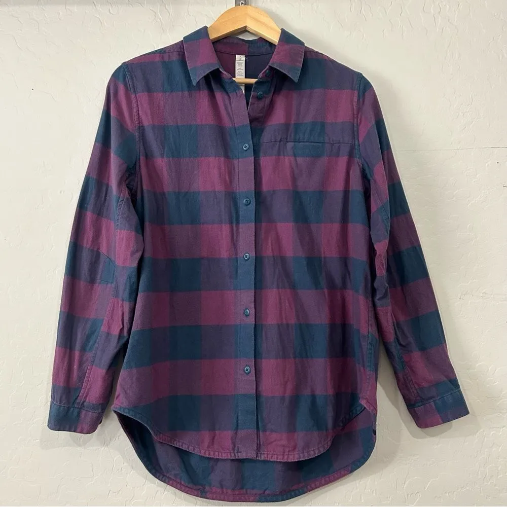Cozy and rare Lululemon Full Day Ahead Shirt in a beautiful purple and navy plaid. Features a button... Show more
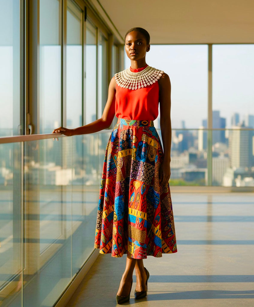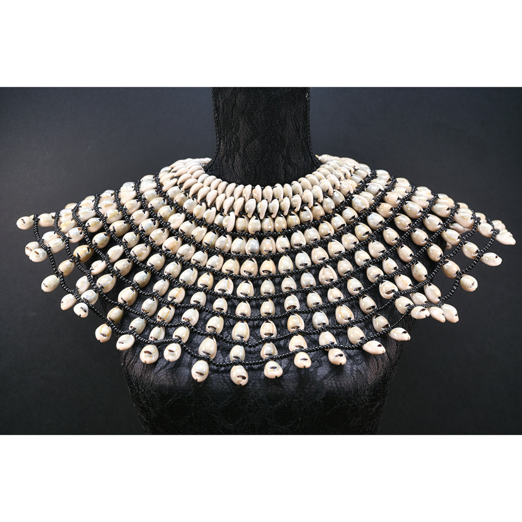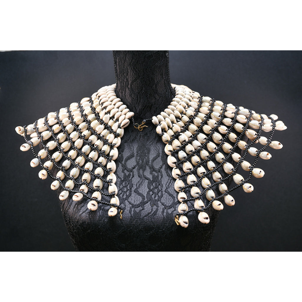 Historically cowries have deep cultural significance in many West African societies but has now evolved as a fashion styling accessory. The bib statement necklace is a stunning statement piece that can be styled in numerous ways to elevate your look. The sculptured silhouette with it exquisite layered cowrie shells looks luxurious as a finishing piece and immediately makes impact. It looks gorgeous again solid colour attire, taking a simple piece to another level of effortless style. This would also look fabulous when styled with Ankara, kente inspired pieces or mud cloth to give that cultural look. Style with a simple tee and jeans or pants. The possibilities are endless.
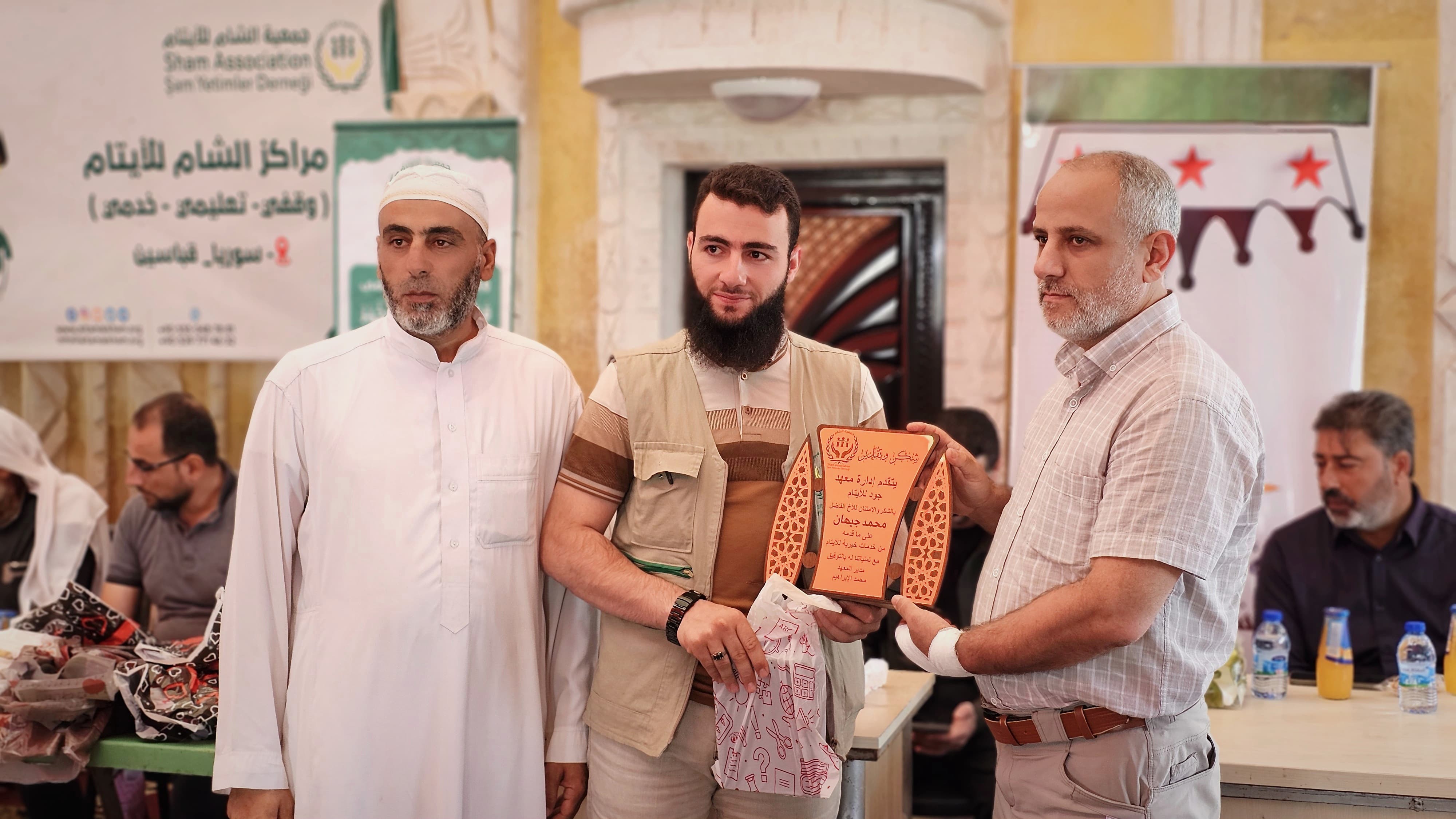 الذي يبلغ عدد طلابه 150 طالب وطالبة. وأثناء حفل التكريم قدمنا للأستاذ جيهان مسؤول وقف الديانه في منطقة جرابلس وقباسين درع شكر وتقدير على جهوده المبذولة في خدمة الأيتام.
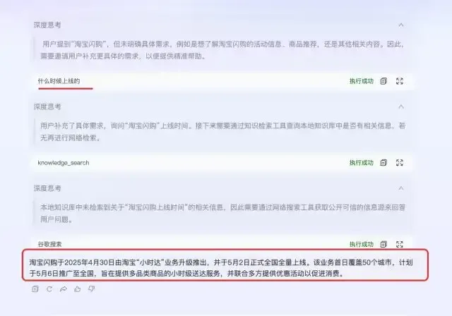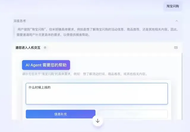 可以看出,用户进入HITL工具进行补充后,工具的出参其实就是用户的输入内容,而用户的这个提问也在一次对话中被完美执行完成,并没有使用多轮对话方式来分两个对话才解决用户的问题。
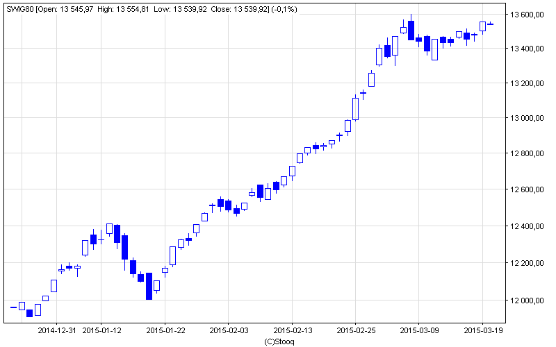 Zacznijmy od akcji małych spółek, które jak dotąd w tym roku są najmocniejszym ogniwem. Korekta, której można się było obawiać, przybrała na szczęście płaski kształt. Czwartkowe wejście sWIG80 na nowy szczyt trendu wzrostowego (na razie tylko w cenach zamknięcia) można uznać za próbę zakończenia tej korekty.
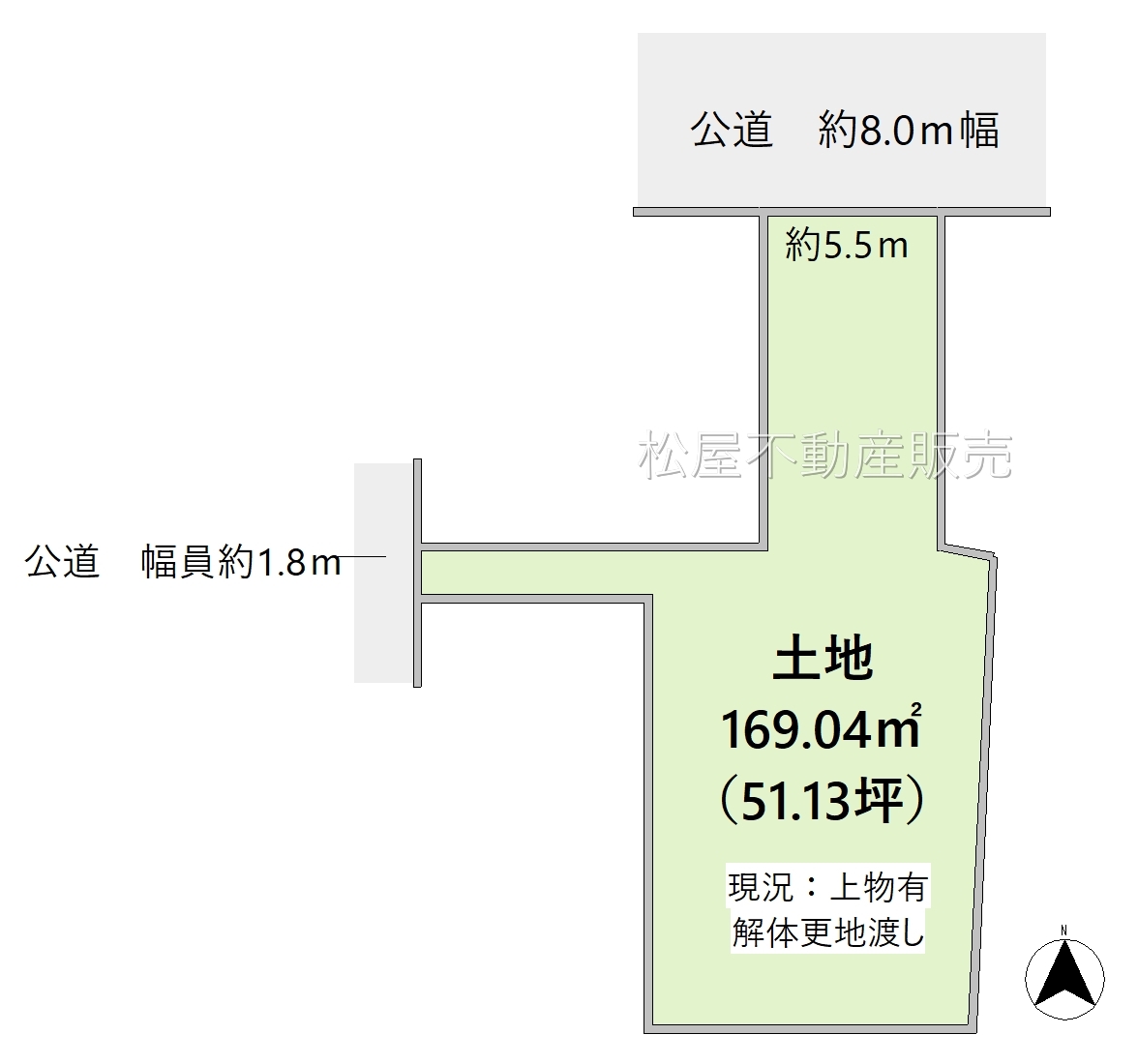 | 接道状況 | 北8m 公道 接面5.5m 西1.8m 公道 二方道路(除角地) | ||
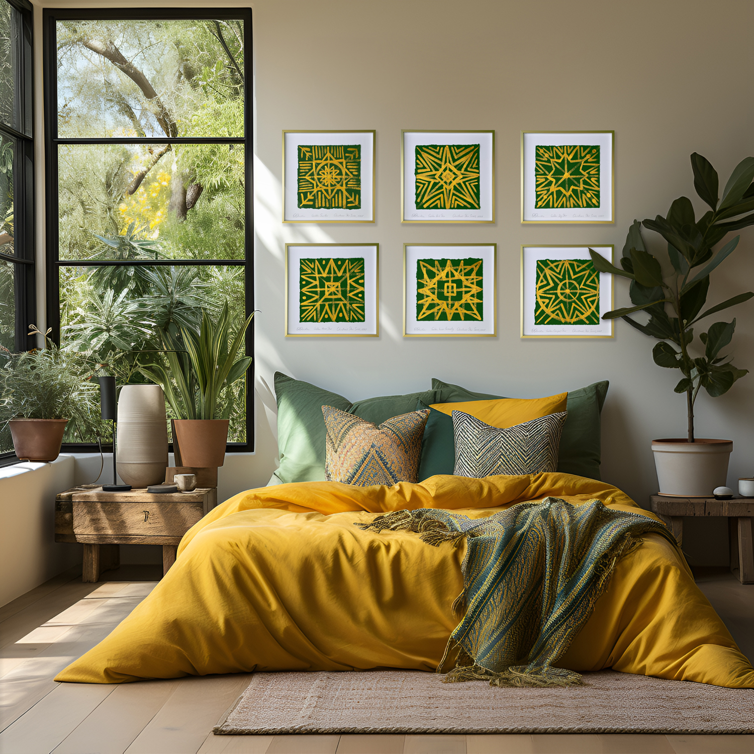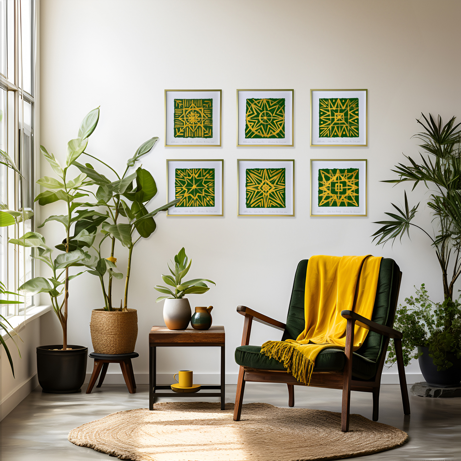 is a contemporary interpretation of the ancient Ukrainian Christmas Star symbol, painted in luminous gold on deep green handmade paper. Its intersecting geometric lines echo the protective energy and sacred rhythm found in traditional Ukrainian embroidery. This artwork radiates balance, light, and festive strength—bringing a refined cultural statement into any modern interior.
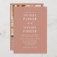 Annoncez votre journée spéciale avec ce faire-part de mariage en terre cuite boho moderne, doté d'un agencement propre et minimaliste qui présente magnifiquement votre photo et un code QR pratique pour l'accès RSVP ou site Web. Les tons chauds de terre cuite et les accents bohèmes subtils créent une esthétique intemporelle et naturelle, parfaite pour les mariages du désert, rustiques ou extérieurs avec une ambiance détendue mais élégante.
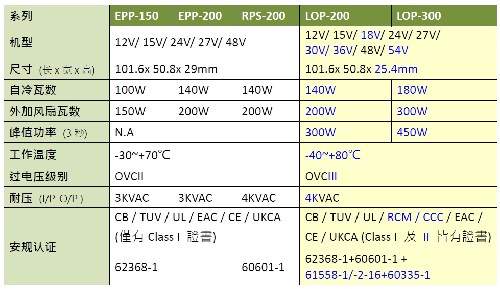 LOP-200/300 系列相較于銷售中 EPP-150/200、RPS-200 系列,主要差異詳如下表,包含薄型化 (1" 高)、12~54V 電壓更齊全、4" x 2" 尺寸下功率推升至 300W、具備 150%@3秒 供載能力、-40~+80℃ 工作溫度更寬、符合 OVCIII、一機(jī)同時擁有 62368-1/60601-1/61558-1/60335-1 各種安規(guī)認(rèn)證,可涵蓋應(yīng)用領(lǐng)域更廣,適用于資通訊電子儀器、醫(yī)療裝置、工廠自動化、家用裝置……等應(yīng)用。
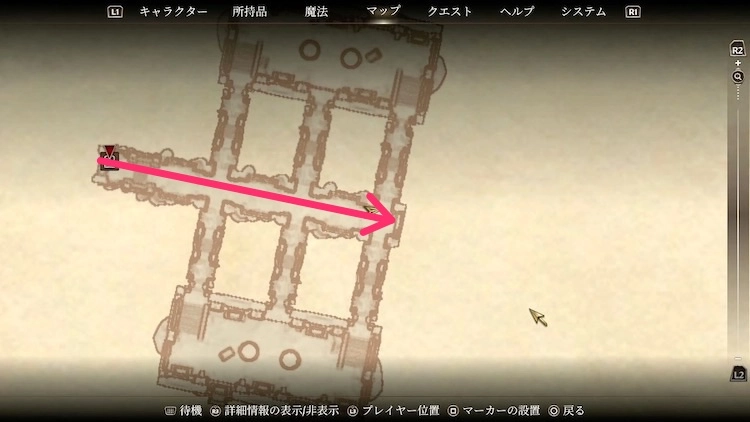 砦内に入ったら、ひたすら直進し突き当たりを左折。扉を開けて、突き当たりまで直進するだけで辿り着ける。
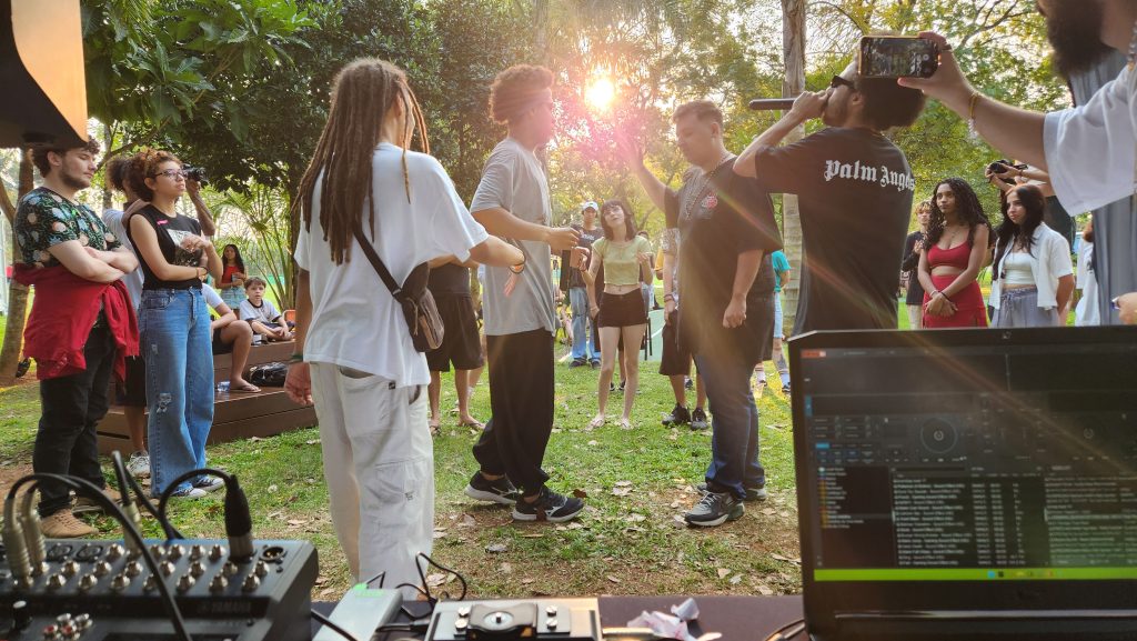 O destaque dessa edição do LabMais no Sesc Registro foi a criação do mini documentário “A Batalha Antes da Rima”, uma produção coletiva que retrata um dos projetos mais dinâmicos do Sesc Registro – a Batalha do K3 – além registrar uma parte da cena do rap e hip hop na região. No documentário, os MC’s participantes apresentam rimas improvisadas a partir de temas sugeridos pelo público, abordando temas como educação, política, cultura e questões sociais. A produção vai além do simples desafio de rimar, evidenciando o raciocínio crítico dos jovens ao refletirem sobre questões contemporâneas por meio da cultura hip hop. O filme revela como a Batalha do K3 se transforma em um espaço de aprendizado e conscientização, dando voz a quem muitas vezes não tem um lugar de fala nos grandes debates sociais.

About this task = Take the line containing "LOP-200/300 系列相較于銷售中 EPP-150/200、RPS-200" and every line after it through the end of the data, and write them out exactly, with no pictures.

Task result =
 LOP-200/300 系列相較于銷售中 EPP-150/200、RPS-200 系列,主要差異詳如下表,包含薄型化 (1" 高)、12~54V 電壓更齊全、4" x 2" 尺寸下功率推升至 300W、具備 150%@3秒 供載能力、-40~+80℃ 工作溫度更寬、符合 OVCIII、一機(jī)同時擁有 62368-1/60601-1/61558-1/60335-1 各種安規(guī)認(rèn)證,可涵蓋應(yīng)用領(lǐng)域更廣,適用于資通訊電子儀器、醫(yī)療裝置、工廠自動化、家用裝置……等應(yīng)用。
 砦内に入ったら、ひたすら直進し突き当たりを左折。扉を開けて、突き当たりまで直進するだけで辿り着ける。
 O destaque dessa edição do LabMais no Sesc Registro foi a criação do mini documentário “A Batalha Antes da Rima”, uma produção coletiva que retrata um dos projetos mais dinâmicos do Sesc Registro – a Batalha do K3 – além registrar uma parte da cena do rap e hip hop na região. No documentário, os MC’s participantes apresentam rimas improvisadas a partir de temas sugeridos pelo público, abordando temas como educação, política, cultura e questões sociais. A produção vai além do simples desafio de rimar, evidenciando o raciocínio crítico dos jovens ao refletirem sobre questões contemporâneas por meio da cultura hip hop. O filme revela como a Batalha do K3 se transforma em um espaço de aprendizado e conscientização, dando voz a quem muitas vezes não tem um lugar de fala nos grandes debates sociais.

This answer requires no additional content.